Diversos fatores podem contribuir para a instalação e persistência do quadro inflamatório nasossinusal, levando à  rinossinusite crônica (RSC). Os fatores variam desde alterações relacionadas ao hospedeiro, como imunodeficiências e doenças mucociliares, até características associadas a agentes etiológicos, como capacidade de formar biofilmes  e superantígenos bacterianos.1 Dentre eles, o envolvimento dos ossos paranasais no desenvolvimento e manutenção da RSC vem sendo investigado. O íntimo contato entre osso e mucosa nesta região e alterações radiológicas observadas em pacientes com RSC sugerem o envolvimento deste tecido.2-4

Vários estudos já evidenciaram a presença de inflamação  óssea sinusal em pacientes com RSC, normalmente utilizando avaliação tomográfica ou histológica.2,5,6 Esta incidência varia de 36% a 100%,4,7,8 dependendo do método de inclusão de pacientes e da forma de avaliação. Aparentemente, a incidência é maior quando se faz avaliação histológica, mostrando que, dependendo da intensidade da osteíte, não há evidências desta em exames tomográficos.8,9

Neste sentido, Lee et al. avaliaram prospectivamente 121 pacientes com RSC tratados cirurgicamente. Observaram sinais tomográficos de osteíte afetando 36% dos pacientes  (etmoide em 82%, esfenoide em 64%, maxilar 45% e frontal não avaliado) e sinais histológicos em 53%.4 Outros estudos mostram que sinais tomográficos de osteíte são associados a  maior intensidade da doença em exames anatomopatológicos7,9 e a pior resultado em tratamentos cirúrgicos.6

Os sinais indicativos de osteíte mais frequentemente descritos em pacientes com RSC são: espessamento periosteal, proliferação de osteoblastos, reabsorção e neoformação óssea e infiltrado de células inflamatórias.2,4,5,7-9

Apesar de esses estudos apresentarem evidências sobre a existência de inflamação óssea nos quadros de RSC e de algumas repercussões clínicas, há outros que apontam que a osteíte não ocorre em todos os pacientes, e que aumenta muito se o paciente já foi operado previamente (passando de 6,7%-58%), o que talvez denote a importância de outros fatores, como trauma cirúrgico, para o aparecimento dela.4 Outro fato importante é que não encontramos estudos clínicos que avaliem a presença de inflamação óssea em episódios agudos de rinossinusite, isso porque a rinossinusite aguda (RSA) é tratada normalmente de forma não cirúrgica, o que dificulta a coleta de amostras para análise histológica. Determinar se a osteíte se faz presente em fases iniciais ou se surge apenas com a perpetuação da inflamação nasossinusal  ajudaria a compreender um pouco melhor o seu papel.

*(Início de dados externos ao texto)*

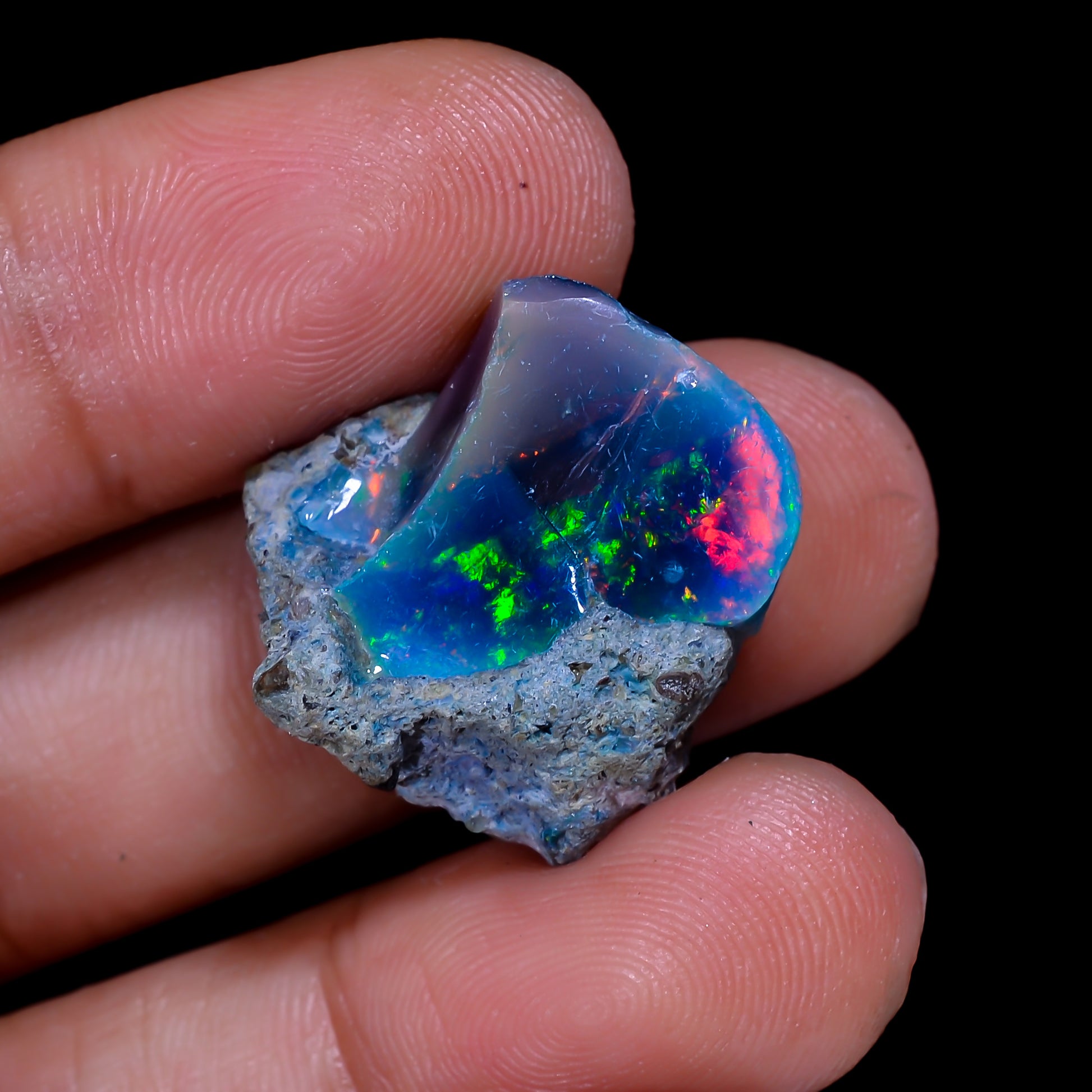 "Behold the mesmerizing depths of this Very High Quality Natural Black Ethiopian Opal Rough! This exceptional Welo opal boasts a deep, naturally enhanced dark body tone that serves as the perfect canvas for an incredible intensity of multi-fire play of color, truly making it a standout gem, just as it was unearthed."
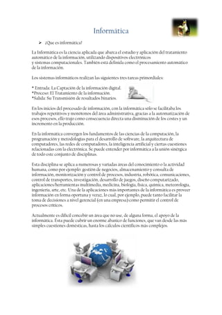 La informática se define como la ciencia que estudia el procesamiento automático de la información utilizando dispositivos electrónicos y sistemas computacionales. Los sistemas informáticos realizan tres tareas principales: entrada de información, procesamiento y salida de resultados. La informática se aplica a numerosas áreas como gestión empresarial, almacenamiento de datos, control de procesos industriales, comunicaciones, investigación y más. Actualmente es difícil concebir un área que no use la informática de alguna forma.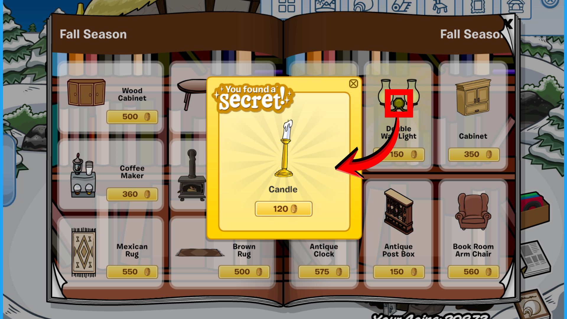 Click the center of the double wall light to purchase the candle for 120 coins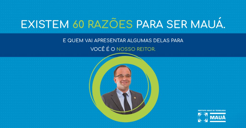 Existem 60 razões para ser Mauá. E quem vai apresentar algumas delas para você é o nosso Reitor.
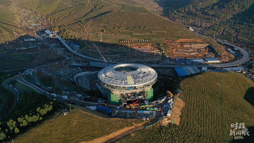 △位于张家口崇礼区的国家跳台滑雪中心正在加紧施工中,因场馆造型与中国传统饰物“如意”契合,被称为“雪如意”。

Para esta finalidade, utilizam-se modelos experimentais,  normalmente realizados em coelhos, em que se avalia inflamação óssea e mucosa, conseguindo afastar outros fatores frequentemente associados à rinossinusite, como afecções alérgicas, irritativas, medicamentosas, cirurgias prévias e alterações anatômicas. Estes estudos mostram acometimento ósseo já a partir de duas semanas do processo indução de rinossinusite e que permanecem, em intensidades variadas, por até 13 semanas. Os achados mais comumente descritos de inflamação óssea são similares aos descritos em estudos  clínicos e incluem: espessamento periosteal, infiltrado inflamatório, aumento de atividade osteoclástica e osteoblástica, neoformação óssea e, eventualmente, fibrose.3,10-13

O problema em relação a estes modelos experimentais é a forma de indução de sinusite. Normalmente, é realizada a obliteração definitiva do óstio de drenagem maxilar com cola  e a inoculação sinusal de agente infeccioso por meio de sinusotomia externa. Estes procedimentos lesam determinada área da parede sinusal, alteram a fisiologia desta e, por si só, desencadeiam inflamação tecidual, independentemente da  infecção. Além disso, a obliteração definitiva do seio contendo um patógeno leva a um processo infeccioso intenso, porém limitado à cavidade sinusal, que muitas vezes não corresponde à patofisiologia desta doença.14 Na RSA, a infecção tem normalmente origem nasal e a obstrução do óstio maxilar é reversível, já que é causada por edema de mucosa.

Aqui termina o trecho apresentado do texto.